22 ноября 1806 года — родилась дочь Катерина (будущая Мещерская).

Осень 1806-го-1807-й — новая европейская война, разгром Пруссии Наполеоном, успех русских при Эйлау, затем — полное поражение при Фридланде, Тильзитский мир.

Карамзин — брату. „Солдаты и офицеры русские оказали военную храбрость, но Румянцевых и Суворовых нет“; работа же над Историей не идет от беспокойства душевного; он уж и не надеется дожить „до времен счастливых для Европы“. Летом 1807-го — умирает старый князь Вяземский, оставив зятю 800 душ, 35 000 долгу и заботы о двух несовершеннолетних детях.
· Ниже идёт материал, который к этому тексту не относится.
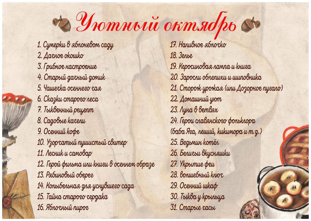 Мы вместе придумываем темы на весь месяц, по которым можно рисовать (всё по желанию): все темы или несколько. Что-то из этих тем я скорее всего буду рисовать на эфирах.

Бездна хозяйственных забот, снова — приступы лихорадки…

12 октября — родился сын Андрей („теперь у нас довольно малюток, более не желаем“).

1237–1240-е годы: нашествие Батыя.

Состояние России было самое плачевное: казалось, что огненная река промчалась от ее восточных пределов до западных; что язва, землетрясение и все ужасы естественные вместе опустошили их, от берегов Оки до Сана. Летописцы наши, сетуя над развалинами отечества о гибели городов и большой части народа, прибавляют: „Батый как лютый зверь пожирал целые области, терзая когтями остатки. Храбрейшие князья Российские пали в битвах; другие скитались в землях чуждых; искали заступников между иноверными и не находили; славились прежде богатством и всего лишились. Матери плакали о детях, пред их глазами растоптанных конями татарскими, а девы о своей невинности: сколь многие из них, желая спасти оную, бросались на острый нож или в глубокие реки! Жены боярские, не знавшие трудов, всегда украшенные златыми монистами и одеждою шелковою13, всегда окруженные толпою слуг, сделались рабами варваров, носили воду для их жен, мололи жерновом и белые руки свои опаляли над очагом, готовя пищу неверным… Живые завидовали спокойствию мертвых“. Одним словом, Россия испытала тогда все бедствия, претерпенные Римскою империей от времен Феодосия Великого до седьмого века, когда северные дикие народы громили ее цветущие области14. Варвары действуют по одним правилам и разнствуют между собою только в силе“.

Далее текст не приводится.